TASK: Use ILtemperaturerange.py to plot the average energy and magnetisation for each temperature, with error bars, for an ${\displaystyle 8\times 8}$ lattice. Use your intuition and results from the script ILfinalframe.py to estimate how many cycles each simulation should be. The temperature range 0.25 to 5.0 is sufficient. Use as many temperature points as you feel necessary to illustrate the trend, but do not use a temperature spacing larger than 0.5. The NumPy function savetxt() stores your array of output data on disk — you will need it later. Save the file as 8x8.dat so that you know which lattice size it came from.

Using the modified code, the file ILtemperaturerange.py was ran on an 8x8 matrix between T=0.5 and T=5 with a step of T=0.02 for 10000 Montecarlo steps and the first 1000 steps of each temperature were excluded when calculating the averages. Figure 12 shows the result of the simulation and also included error bars of standard deviation.

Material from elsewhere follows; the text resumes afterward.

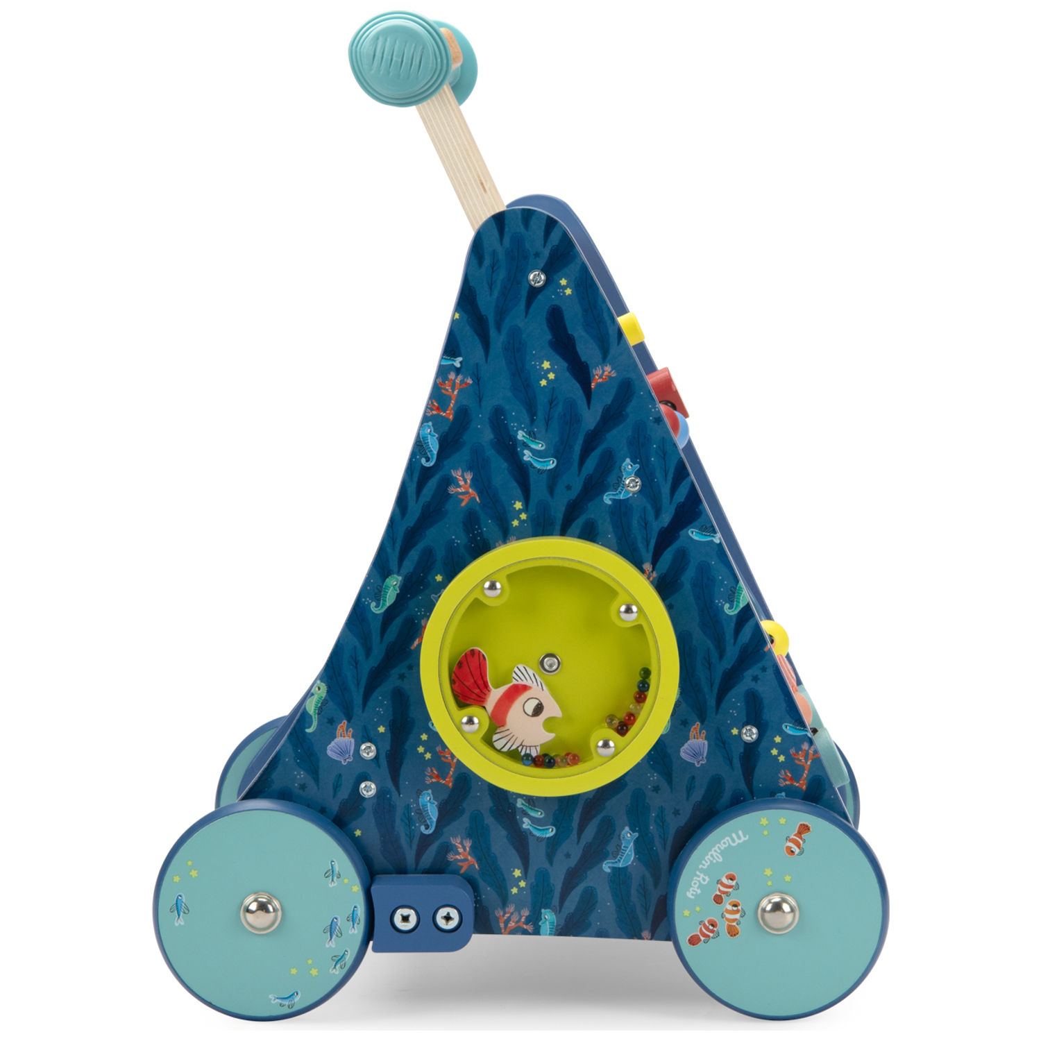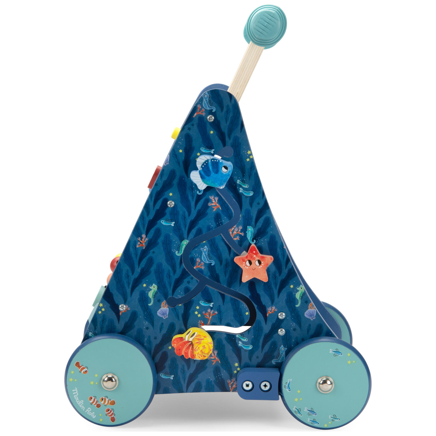 Découvrez le Chariot de marche d’activités de la collection Les aventures de Paulie de Moulin Roty, un superbe jouet d’éveil à la marche pour les enfants à partir de 1 an. Un chariot de marche antidérapant pour accompagner les premiers pas de bébé en toute sécurité avec poignées réglables en hauteur. Habillé aux couleurs des aventures de Paulie, ce chariot d’activités antidérapant accompagnera bébé dans ses premiers pas. Il propose 6 activités : labyrinthe, engrenages, miroir… Tout pour explorer les fonds marins en s’amusant ! Un magnifique jouet en bois à offrir en cadeau pour les filles et les garçons.

Below is the source code for the script to produce the graph from CG1417IsingModelGraphs.ipynbː

data8x8=np.loadtxt('8x8.dat') #loads data
temps8x8=data8x8[:,0] #stores temperatures
energies8x8=data8x8[:,1] #stores average energy for each T
energysq8x8=data8x8[:,2] #stores average energy squared for each T
mag8x8=data8x8[:,3] #stores magnetisation for each T
magsq8x8=data8x8[:,4] #stores magnetisation squared for each T
stde8x8=data8x8[:,5] #edited ILtemperaturerange.py to record the standard deviation of the energy for each T
stdm8x8=data8x8[:,6] #edited ILtemperaturerange.py to record the standard deviation of the magnetisation for each T

fig = pl.figure()
enerax = fig.add_subplot(2,1,1)
enerax.set_ylabel("Energy per spin")
enerax.set_xlabel("Temperature")
enerax.set_ylim([-2.5, 0.5])
enerax.set_xlim([0.5,5.1])
magax = fig.add_subplot(2,1,2)
magax.set_ylabel("Magnetisation per spin")
magax.set_xlabel("Temperature")
magax.set_ylim([-2, 2])
magax.set_xlim([0.5,5.1])
enerax.errorbar(temps8x8, np.array(energies8x8)/64,yerr=np.divide(stde8x8,64),color='black',ecolor='teal',alpha=0.8) #plots energy per spin against T
magax.errorbar(temps8x8, np.array(mag8x8)/64,yerr=np.divide(stdm8x8,64),alpha=0.8,ecolor='salmon',color='black') #plots magnetisation per spin against T on separate graph
pl.savefig('8x8error.png',bbox_inches='tight') #saves figure
pl.show()

Section 6 - The effect of system size

TASK: Repeat the final task of the previous section for the following lattice sizes: 2x2, 4x4, 8x8, 16x16, 32x32. Make sure that you name each datafile that your produce after the corresponding lattice size! Write a Python script to make a plot showing the energy per spin versus temperature for each of your lattice sizes. Hint: the NumPy loadtxt function is the reverse of the savetxt function, and can be used to read your previously saved files into the script. Repeat this for the magnetisation. As before, use the plot controls to save your a PNG image of your plot and attach this to the report. How big a lattice do you think is big enough to capture the long range fluctuations?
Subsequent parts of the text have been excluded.